If you have physical access to the NVR, we can calculate a master password for you. Please email your machine's current system time and MAC address to sup...@gwsecurityusa.com

[Jason Gardner]

Attempted to apply the firmware update via USB, but it failed repeatedly. Had to reset everything again yesterday because the something had caused it to become inaccessible remotely. Now again this morning I can't access it remotely, probably the same issue. Will the firmware update fix this issue? If so, how can I update it if the USB method doesn't work?

[GW Security Q&A forum]

What is the current firmware version on your NVR? It might be on a older version which cannot upgrade to the latest version directly.

Please email us a screenshot of the current version you have and we will email you a version you can upgrade to before upgrading to the latest.
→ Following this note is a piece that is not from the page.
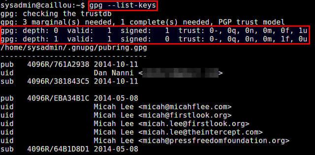 你至少会看到两个key:一个带 depth 0和终极信任("1u"),这就是你自己的key,另外一个带depth 1和完全信任("1f"),这是你之前签名的key。

Please email to sup...@gwsecurityusa.com

[Lucid Information]

Saying there was glitch in one of your servers is mis-leading.
I understand that you simply re-brand hanbang / Dahua camera's and DVRs, so maybe you don't actually have any knowledge of the undocumented telnet access that is still running in the latest version of your firmware.
And maybe you don't actually know that the camera's and DVRs connect to a T2uSvr @ nat.vveye.net regardless of what the settings are, and register with a dns server that doesn't show in the settings anywhere and cannot be removed.

But the people who's products you rebrand were notified in March of the issue and it was documented in CVE-2017-14335
https://nvd.nist.gov/vuln/detail/CVE-2017-14335
You could consider CVE-2017-14335 a "glitch" since it is an exploit of the HTTP server not properly handeling authentication.
But the previous CVE's going back 5 years specifically mention the backdoor telnet access.
You have been "patching" this backdoor since at least 2012, and while thousands of camera's and NVR get hacked over and over, the backdoor is never removed, just the undocumented account and password are changed.
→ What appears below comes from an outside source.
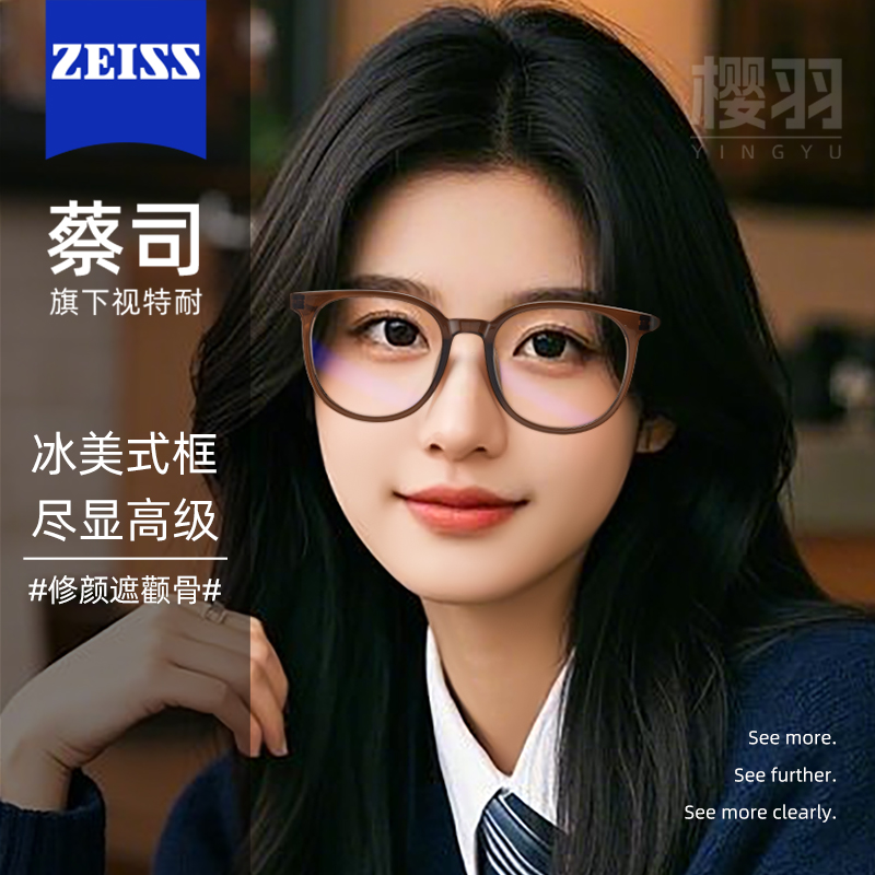 冰美式超轻近视眼镜女款大框方圆脸专业网上配镜平光素颜眼镜框架

hikvision and Dahua refused to admit it existed, and Hanbang simply refused to respond.

I ran a port scan on your latest firmware and sure enough Telnet on port 23 is responding, although it is not documented anywhere in your product information.

On your camera, after I downloaded the latest firmware it took less than 10 minutes for me to guess the backdoor password you still have in place.
I understand you only resell what the Chinese feel like giving you, that isn't your fault.
Continuing to do it when you know about it is.

I was hoping You could just copy this to GW SECU, and GW Security-inc etal "QA" areas and save on the reposting.

regards
DJ

[GW Security Q&A forum]

Reply lock due to length; please open a new topic to ask related question.